Why Multicultural Marketing Needs Machine Learning and Facial Tracking - 8 minutes read

Why Multicultural Marketing Needs Machine Learning and Facial Tracking

Marketers in 2019 will find it hard to be successful without understanding the cultural transformation that’s happening in this country. Between 2012 and 2017, the US multicultural population – Hispanics, African Americans, and Asian Americans – grew to 11.7 million people. Notably, these groups are younger and growing at a faster rate than their White counterparts. This makes multicultural marketing an essential component of all advertising campaigns.

Yet, even the most seasoned and “culturally woke” brands can have trouble navigating this cultural transformation and shifts in consumer behavior.

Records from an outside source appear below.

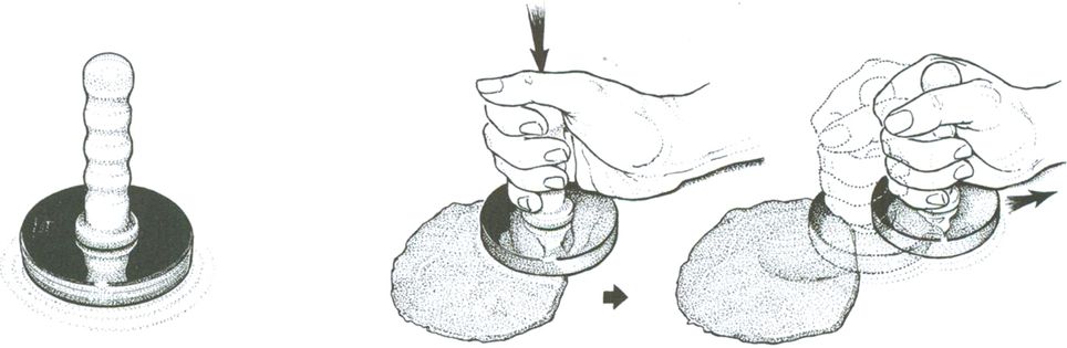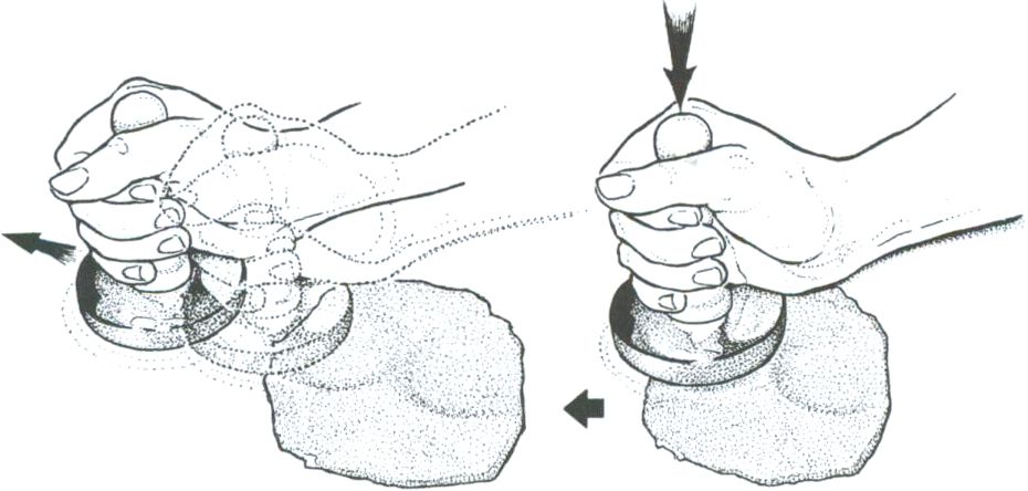 Use a meat pounder that has the handle perpendicular to the disk. Aim the edge of the pounder at the center of the meat and direct the pounder down and away from the center of the meat in smooth even strokes, as if you were tracing the spokes of a wheel.
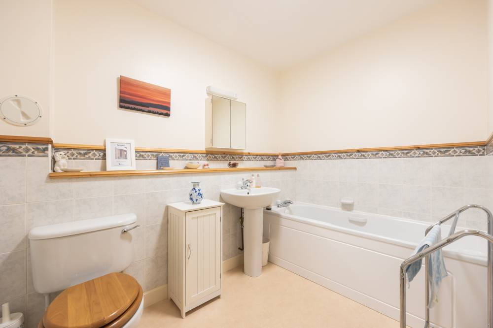 The accommodation opens with a welcoming entrance hallway, benefiting from fantastic in-built storage provisions. The bay-fronted lounge/diner is a bright and spacious room, featuring an electric fireplace and offering ample space for a variety of furniture layouts. Double doors lead through to the kitchen, enhancing the sense of flow within the home. The kitchen is well-appointed with a range of integrated white goods, complemented by partial tiling in splash areas, under-unit lighting, and traditional wooden units. The principal bedroom is a large double, featuring an integrated wardrobe and plenty of space for freestanding furniture. It also benefits from an en suite, fitted with a double shower cubicle and partial tiling. The second bedroom is another comfortable double, offering flexible use depending on individual requirements. The main bathroom is partially tiled and fitted with a bath.
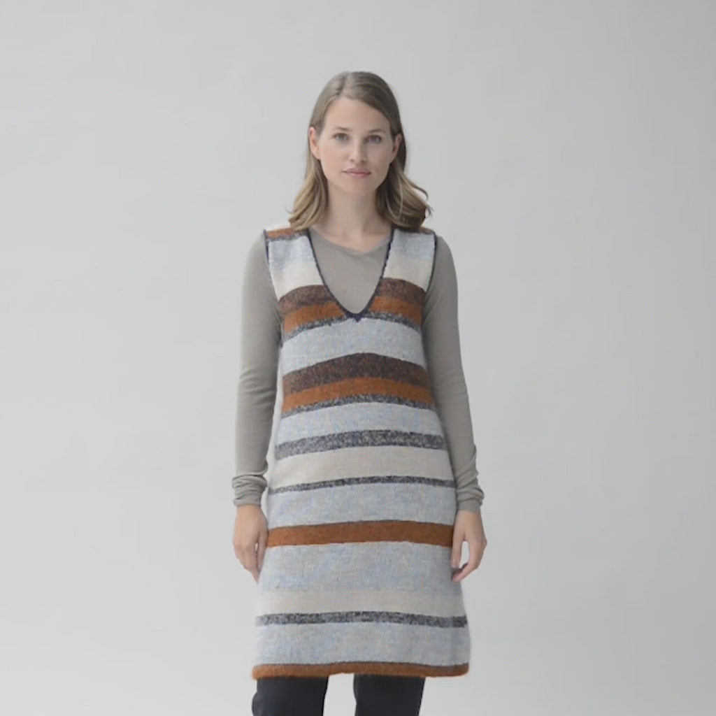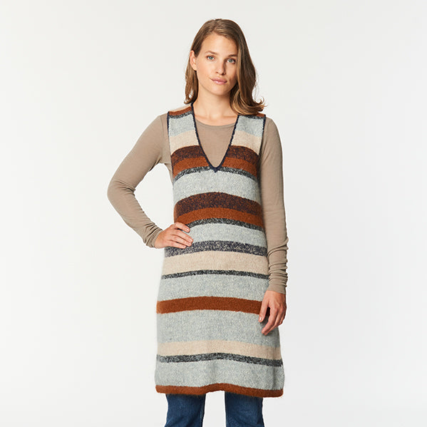 Langøya kombinerer striber med smukke farver i et mix af skønne garnkvaliteter! Denne temakollektion består af følgende modeller: kjole, baret og krave til både damer og piger - samt t-shirt, bluse, knæstrømper og strømper til damer. Langøya er designet af Kit Coutures faste designteam.
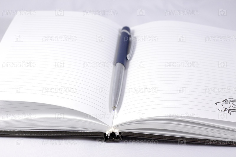 Черный открытый блокнот, на котором лежит темно-синяя шариковая ручка, представлен на белом фоне
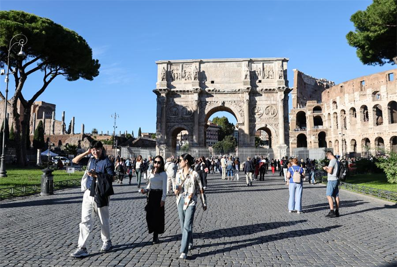 Μια Κιν?ζα τουρ?στρια ποζ?ρει για μια φωτογραφ?α στη Ρ?μη τη? Ιταλ?α?. (Φωτογραφ?α / Xinhua)
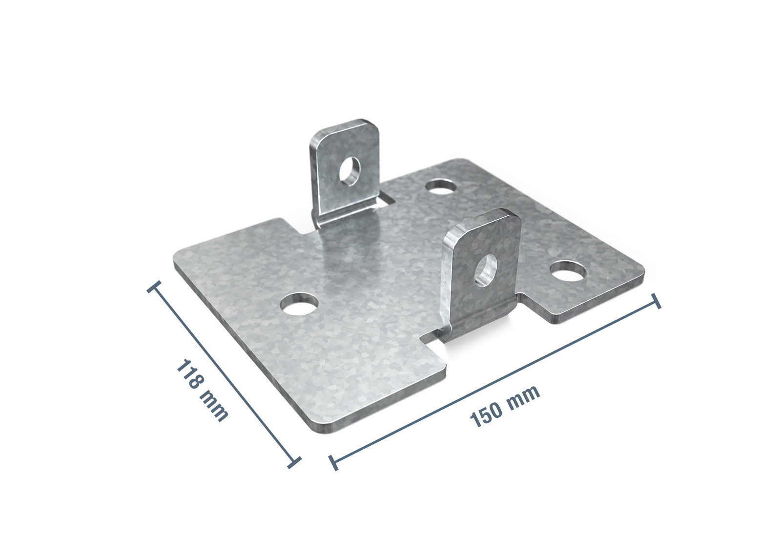 Steel S-355 JR (CRD - Coldrolled steel) 80 mm W x 70 mm D x 1.5 mm material thickness.
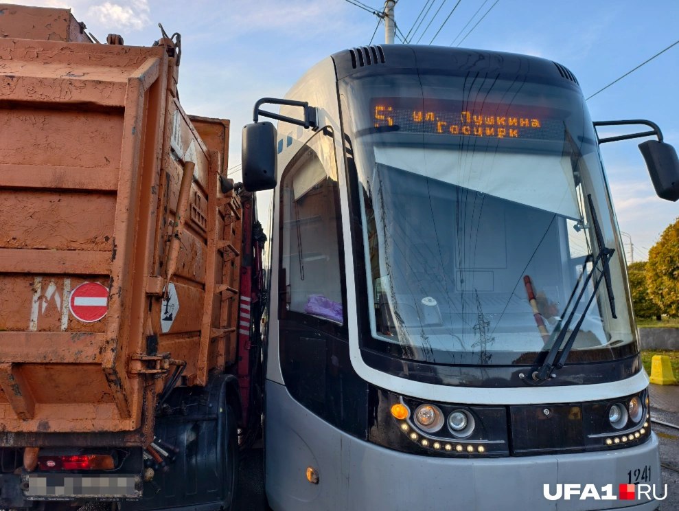 23 октября в Уфе на улице 50-летия Октября у «Тинькофф Холла» столкнулись мусоровоз и трамвай Pesa Fokstrot, которые ехали навстречу друг другу.
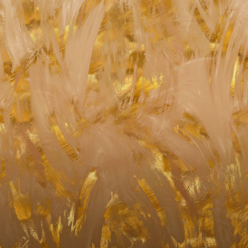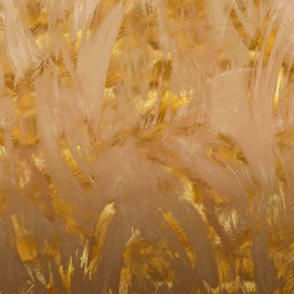 Die Panorama-Tapete Phébus von Raccord Parfait taucht in ein warmes Licht, in dem goldene Funken wie Flammen auf einer reich strukturierten Oberfläche tanzen. Breite Pinselstriche durchziehen das Dekor in einem dichten und spontanen Gewirr. Das aus einer gestischen Malerei hervorgegangene Motiv vermischt dynamische Linien, übereinanderliegende matte Schichten und goldene Akzente mit lebendigen Reflexen. Jeder Strich spiegelt eine freie Bewegung wider, die von einer subtilen und flamboyanten leuchtenden Wärme durchdrungen ist.
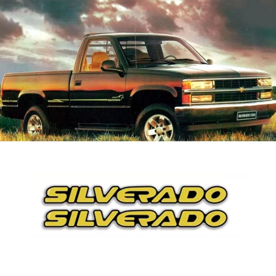 2 Adesivos Resinados Silverado Dourado – Fabricado em Poliéster Cromado – Dimensões: 28,5 x 2,8 cm
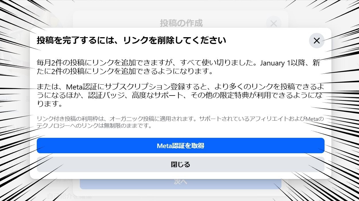 ザッカバーグさん、これは流石にダメでしょ!?12月から、Facebookの無料アカウントでは「リンク付きの投稿は月2回まで」になってしまったようです。これじゃ広報に使えないのでFacebook運用止めます…

Furthermore, for the first time ever, more than half of kids now belong to ethnic majorities. Generation Z is the largest generation in American history. They are only 52% White, are spending their own money, and some are starting families.

A diverse, rich and multicultural world is already here and all around us. We’ve seen Spanish language ads at the Oscars, the success of ‘Crazy Rich Asians’ and Farewell, and African American television programming like ‘Insecure’ and ‘Blackish.’

Successful marketers will shift how their brands target new audiences. Understanding these changes is at the core of what we’re doing at Collage Group. Our AdRate technology uses facial tracking technology, machine learning, and sentiment analysis to help brands understand culture and generations by studying how brand advertising content resonates with key demographics. Marketers are already utilizing AI and brands are undertaking multicultural marketing efforts. This is the next logical step.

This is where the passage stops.